WORK TASK — Write the listing out again word for word. Pictures do not belong in the copy.

PROVIDED DATA —
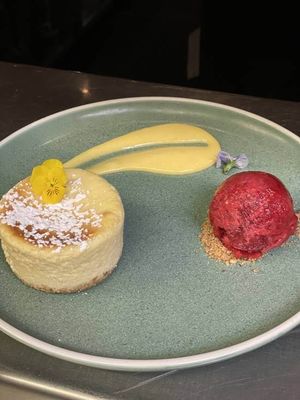Lemon flavored cheesecake, lemon curd and raspberry ice cream.
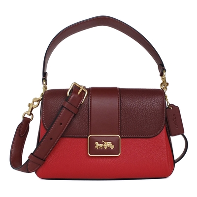 COACH酒紅拼色全皮馬車方釦翻蓋肩背/斜背兩用包
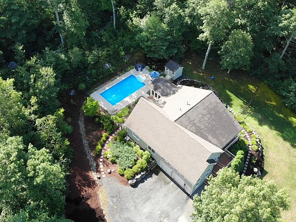 Enjoy the stillness of nature in a secluded subdivision. This open concept ranch sits on 1.57 acres surrounded by trees, just minutes away from Beaver Lake (with lake rights available) and the scenic Quabbin Reservoir. White oak floors cover the living, dining and kitchen areas. Picture and double windows fill the home with natural light, most notably in the three-season room. The spacious custom kitchen is a home cook's dream with stainless steel appliances, ample storage space, and soapstone countertops and island. Built-in bookshelves flank a propane fireplace in the living room. The walk-out finished basement has a bedroom, kitchenette, and full bathroom - perfect for an in-law apartment. The front porch and backyard patio allow you to enjoy the lush greenery and trees encircling the property and the manicured landscaping. Spend your summers swimming in the in-ground pool. The yard is also fenced so that pets and kids can run around outside safely.
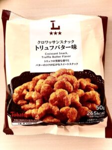 トリュフの芳醇な香りとバターのコクが広がるスイートスナック。袋を開けた瞬間にトリュフの良い香りと共にクロワッサン型のかわいい見た目が晩酌タイムをキュンとさせます。

EXERCISE RESPONSE —
Lemon flavored cheesecake, lemon curd and raspberry ice cream.
 COACH酒紅拼色全皮馬車方釦翻蓋肩背/斜背兩用包
 Enjoy the stillness of nature in a secluded subdivision. This open concept ranch sits on 1.57 acres surrounded by trees, just minutes away from Beaver Lake (with lake rights available) and the scenic Quabbin Reservoir. White oak floors cover the living, dining and kitchen areas. Picture and double windows fill the home with natural light, most notably in the three-season room. The spacious custom kitchen is a home cook's dream with stainless steel appliances, ample storage space, and soapstone countertops and island. Built-in bookshelves flank a propane fireplace in the living room. The walk-out finished basement has a bedroom, kitchenette, and full bathroom - perfect for an in-law apartment. The front porch and backyard patio allow you to enjoy the lush greenery and trees encircling the property and the manicured landscaping. Spend your summers swimming in the in-ground pool. The yard is also fenced so that pets and kids can run around outside safely.
 トリュフの芳醇な香りとバターのコクが広がるスイートスナック。袋を開けた瞬間にトリュフの良い香りと共にクロワッサン型のかわいい見た目が晩酌タイムをキュンとさせます。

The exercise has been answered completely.